From ca43b97fa08667082dc2f87d55aa4f669c017ef8 Mon Sep 17 00:00:00 2001
From: Viktor Barzin <viktorbarzin@meta.com>
Date: Fri, 13 Feb 2026 23:47:45 +0000
Subject: [PATCH] [ci skip] Add skills: loki-helm-deployment-pitfalls,
 grafana-stale-datasource-cleanup

---
 .../grafana-stale-datasource-cleanup/SKILL.md | 105 +++++++++++++
 .../loki-helm-deployment-pitfalls/SKILL.md    | 143 ++++++++++++++++++
 2 files changed, 248 insertions(+)
 create mode 100644 .claude/skills/grafana-stale-datasource-cleanup/SKILL.md
 create mode 100644 .claude/skills/loki-helm-deployment-pitfalls/SKILL.md
diff --git a/.claude/skills/grafana-stale-datasource-cleanup/SKILL.md b/.claude/skills/grafana-stale-datasource-cleanup/SKILL.md
new file mode 100644
index 00000000..040d5de6
--- /dev/null
+++ b/.claude/skills/grafana-stale-datasource-cleanup/SKILL.md
@@ -0,0 +1,105 @@
+---
+name: grafana-stale-datasource-cleanup
+description: |
+  Fix Grafana datasource errors when a Helm chart creates a datasource that conflicts
+  with provisioned ones, or when stale datasources persist in the MySQL database.
+  Use when: (1) Grafana shows "dial tcp: lookup <service> no such host" for a datasource,
+  (2) Grafana API returns "datasources:delete permissions needed" when trying to remove
+  a datasource, (3) provisioned datasource exists but Grafana uses a stale one from
+  the database, (4) Helm chart auto-creates a datasource pointing to a disabled gateway
+  service (e.g., loki-gateway). Requires direct MySQL access to fix when Grafana RBAC
+  blocks API operations.
+author: Claude Code
+version: 1.0.0
+date: 2026-02-13
+---
+
+# Grafana Stale Datasource Cleanup
+
+## Problem
+Grafana uses a stale or incorrect datasource from its MySQL database instead of
+the correctly provisioned one.

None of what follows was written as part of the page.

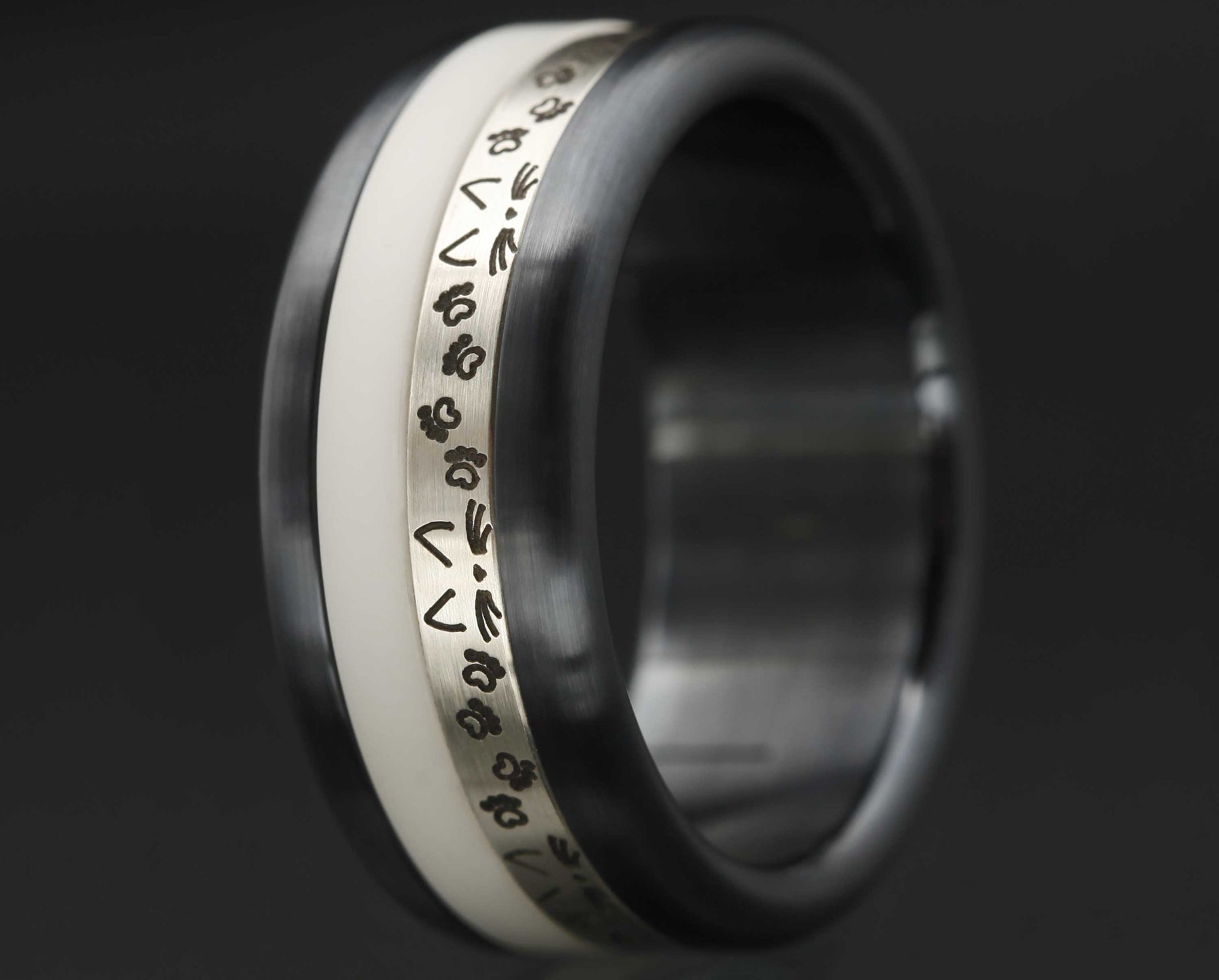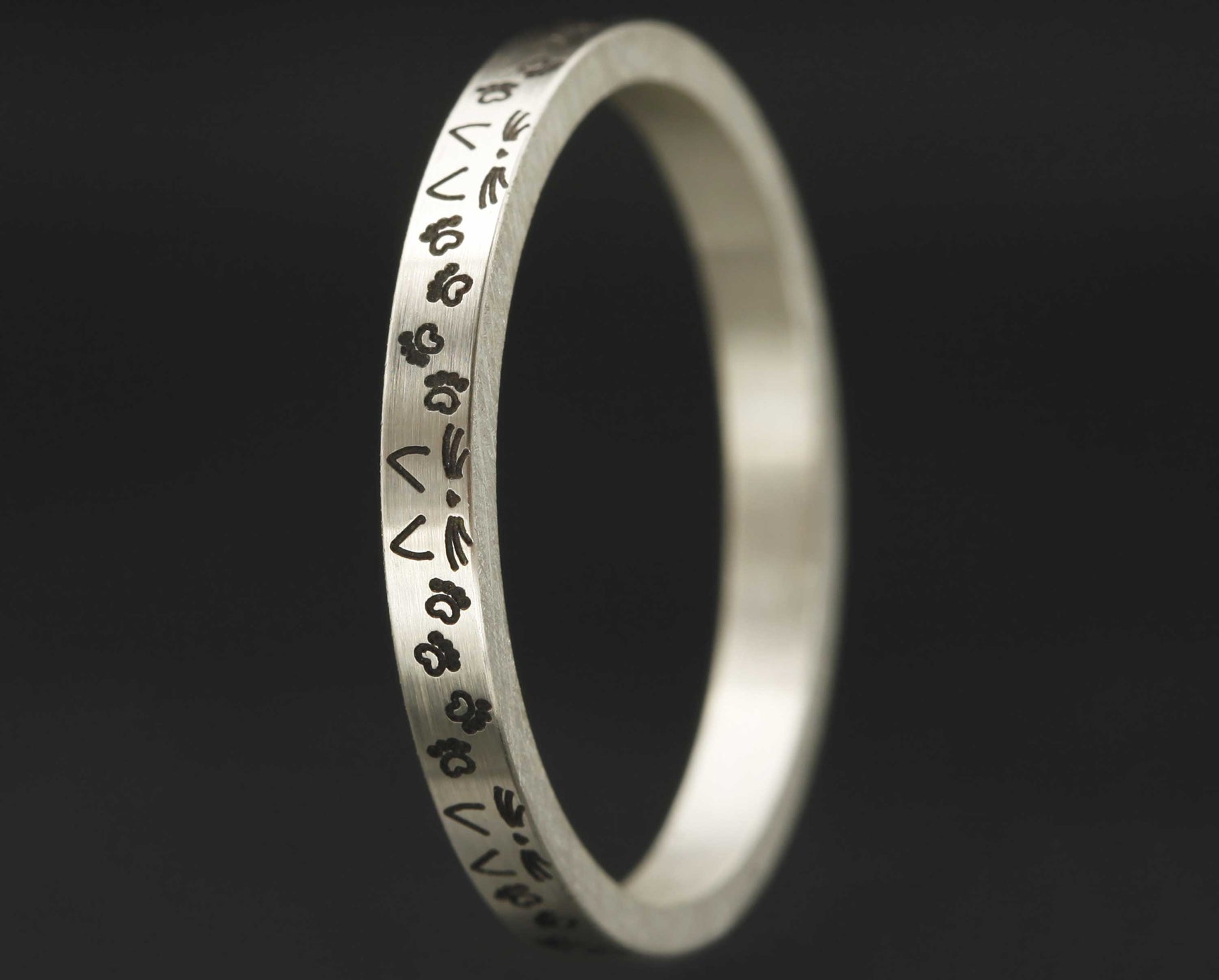 La première version reçue était gravée de façon trop large, les empreintes de pattes formaient une seule tache. Je l’ai fait échanger, mais même sur une version mieux gravée les pattes sont trop petites pour qu’on puisse voir à l’oeil nu ce que ça représente.

Common when Helm charts auto-create datasources
+that point to services you've disabled (e.g., Loki gateway).
+
+## Context / Trigger Conditions
+- Grafana shows error: `dial tcp: lookup loki-gateway on 10.96.0.10:53: no such host`
+- A provisioned datasource (via ConfigMap sidecar) is correct but Grafana uses a
+  different one stored in MySQL
+- Grafana API returns `"permissions needed: datasources:delete"` or
+  `"permissions needed: datasources:write"` even with admin credentials
+- Dashboard references a datasource UID that points to a wrong URL
+
+## Solution
+
+### Step 1: Identify the stale datasource
+
+List all datasources via API (this usually works even with RBAC):
+```bash
+kubectl exec -n monitoring deploy/grafana -c grafana -- \
+  sh -c 'curl -s "http://localhost:3000/api/datasources" \
+  -u "admin:$GF_SECURITY_ADMIN_PASSWORD"' | python3 -c \
+  "import sys,json; [print(d['uid'], d['name'], d['url']) for d in json.load(sys.stdin)]"
+```
+
+### Step 2: Try API deletion first
+
+```bash
+kubectl exec -n monitoring deploy/grafana -c grafana -- \
+  sh -c 'curl -s -X DELETE "http://localhost:3000/api/datasources/uid/<STALE_UID>" \
+  -u "admin:$GF_SECURITY_ADMIN_PASSWORD"'
+```
+
+If this returns a permissions error, proceed to Step 3.
+
+### Step 3: Delete directly from MySQL
+
+When Grafana RBAC blocks API operations, go through MySQL:
+
+```bash
+# Find the Grafana MySQL password
+kubectl exec -n monitoring deploy/grafana -c grafana -- \
+  sh -c 'echo $GF_DATABASE_PASSWORD'
+
+# Find the stale datasource
+kubectl exec -n dbaas deploy/mysql -- mysql -u grafana -p"<PASSWORD>" grafana \
+  -e "SELECT id, uid, name, url FROM data_source;"
+
+# Delete it
+kubectl exec -n dbaas deploy/mysql -- mysql -u grafana -p"<PASSWORD>" grafana \
+  -e "DELETE FROM data_source WHERE uid='<STALE_UID>';"
+```
+
+### Step 4: Fix dashboards referencing the old UID
+
+Dashboards store datasource UIDs in their JSON. Update via MySQL:
+```bash
+kubectl exec -n dbaas deploy/mysql -- mysql -u grafana -p"<PASSWORD>" grafana \
+  -e "UPDATE dashboard SET data = REPLACE(data, '<OLD_UID>', '<NEW_UID>') WHERE title LIKE '%Dashboard Name%';"
+```
+
+### Step 5: Refresh Grafana
+
+Hard-refresh browser (Cmd+Shift+R). If datasource still doesn't appear:
+```bash
+kubectl rollout restart deploy -n monitoring grafana
+```
+
+## Verification
+```bash
+# Verify only correct datasources remain
+kubectl exec -n monitoring deploy/grafana -c grafana -- \
+  sh -c 'curl -s "http://localhost:3000/api/datasources" \
+  -u "admin:$GF_SECURITY_ADMIN_PASSWORD"' | python3 -m json.tool
+```
+
+## Notes
+- Grafana's sidecar auto-discovers ConfigMaps with label `grafana_datasource: "1"`
+  and provisions datasources from them. These are file-provisioned and show as
+  "provisioned" in the UI.
+- Helm charts (e.g., Loki) may auto-create their own datasource in the Grafana
+  database pointing to services like `loki-gateway`. If you disable the gateway,
+  this datasource becomes stale.
+- Grafana dashboards in this repo are stored in MySQL (not file-provisioned),
+  so dashboard JSON files in the repo are reference copies only.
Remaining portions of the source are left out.